About this task :: Pictures in the records below must be left out. Return exactly the lines from the line with "- QUICK-DRY HANG" to the line with "Cette opération permet", both included.

=== Provided records ===

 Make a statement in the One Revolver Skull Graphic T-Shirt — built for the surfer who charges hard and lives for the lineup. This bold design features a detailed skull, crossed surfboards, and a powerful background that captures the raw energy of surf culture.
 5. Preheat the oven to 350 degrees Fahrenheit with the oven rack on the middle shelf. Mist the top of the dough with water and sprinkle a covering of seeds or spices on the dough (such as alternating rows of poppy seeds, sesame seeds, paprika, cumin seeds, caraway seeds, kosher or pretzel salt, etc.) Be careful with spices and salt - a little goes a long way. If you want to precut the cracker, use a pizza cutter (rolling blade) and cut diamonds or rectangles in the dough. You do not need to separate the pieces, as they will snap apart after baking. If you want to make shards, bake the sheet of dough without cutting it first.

===
=== Provided records ===

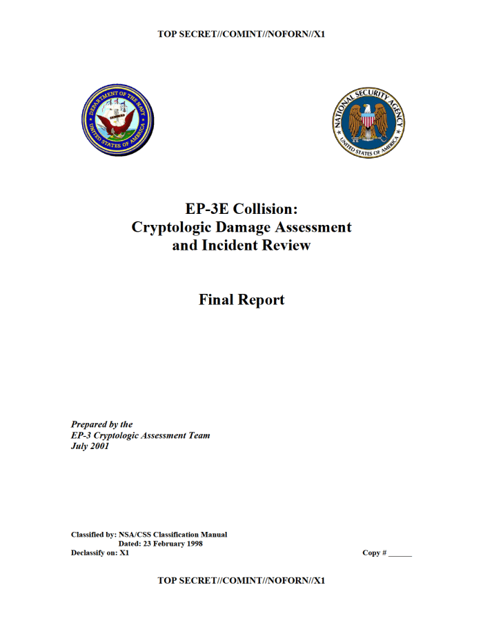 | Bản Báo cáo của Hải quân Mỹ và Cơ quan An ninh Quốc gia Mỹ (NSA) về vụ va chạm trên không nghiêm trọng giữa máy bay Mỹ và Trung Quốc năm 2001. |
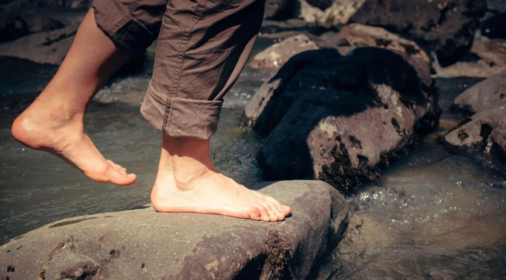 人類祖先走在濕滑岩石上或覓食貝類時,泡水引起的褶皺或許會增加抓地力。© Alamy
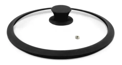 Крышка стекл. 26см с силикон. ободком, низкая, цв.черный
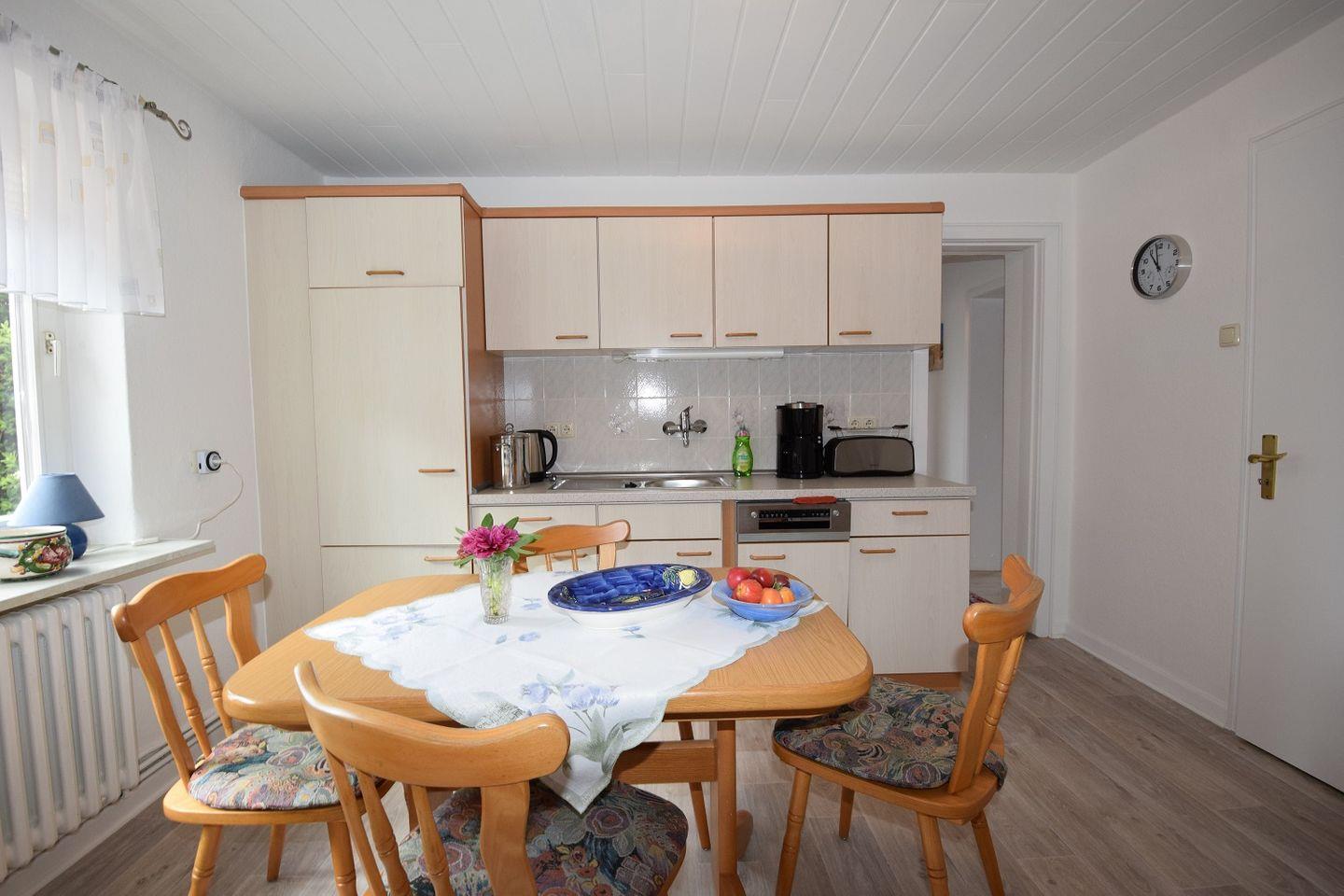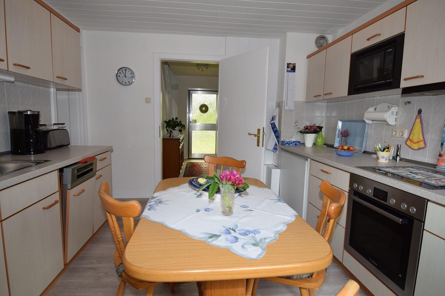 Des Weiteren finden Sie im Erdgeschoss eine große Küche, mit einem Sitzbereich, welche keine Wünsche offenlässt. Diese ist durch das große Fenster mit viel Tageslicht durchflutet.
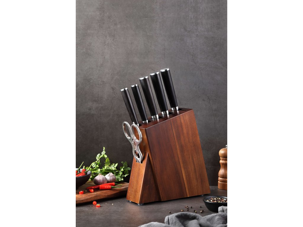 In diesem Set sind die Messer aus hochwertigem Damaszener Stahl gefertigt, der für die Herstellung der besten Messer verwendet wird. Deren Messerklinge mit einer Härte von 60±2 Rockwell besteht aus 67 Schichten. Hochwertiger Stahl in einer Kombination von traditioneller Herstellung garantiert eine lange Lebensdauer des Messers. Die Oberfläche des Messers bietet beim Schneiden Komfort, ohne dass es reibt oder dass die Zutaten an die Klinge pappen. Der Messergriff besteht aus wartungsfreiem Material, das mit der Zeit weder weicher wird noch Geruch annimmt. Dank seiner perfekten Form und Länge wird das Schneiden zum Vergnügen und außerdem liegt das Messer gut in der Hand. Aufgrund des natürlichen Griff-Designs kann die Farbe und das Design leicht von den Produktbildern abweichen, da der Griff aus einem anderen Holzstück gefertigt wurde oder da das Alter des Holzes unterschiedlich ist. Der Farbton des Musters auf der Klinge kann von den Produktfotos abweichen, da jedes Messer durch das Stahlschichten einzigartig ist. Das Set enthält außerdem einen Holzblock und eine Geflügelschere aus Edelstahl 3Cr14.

===
=== Provided records ===

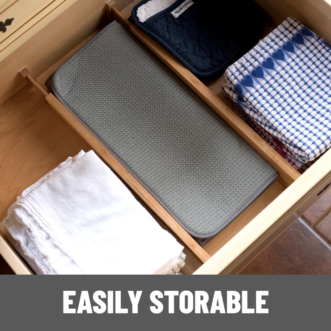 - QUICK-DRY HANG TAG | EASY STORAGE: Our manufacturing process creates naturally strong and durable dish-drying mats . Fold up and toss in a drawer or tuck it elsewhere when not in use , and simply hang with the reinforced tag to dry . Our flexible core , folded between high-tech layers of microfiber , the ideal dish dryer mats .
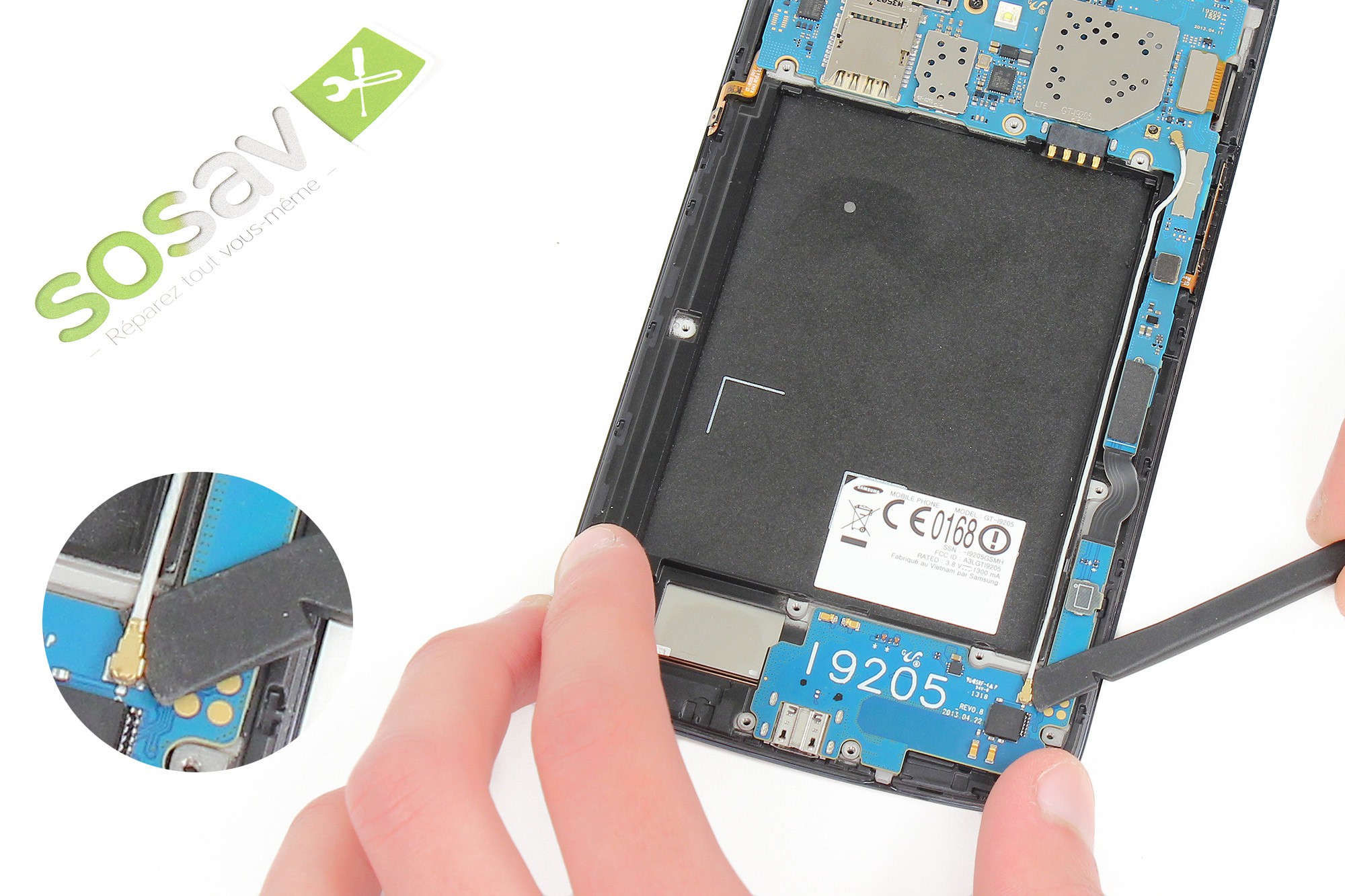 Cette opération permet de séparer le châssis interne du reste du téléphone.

===

Completed task ::
 - QUICK-DRY HANG TAG | EASY STORAGE: Our manufacturing process creates naturally strong and durable dish-drying mats . Fold up and toss in a drawer or tuck it elsewhere when not in use , and simply hang with the reinforced tag to dry . Our flexible core , folded between high-tech layers of microfiber , the ideal dish dryer mats .
 Cette opération permet de séparer le châssis interne du reste du téléphone.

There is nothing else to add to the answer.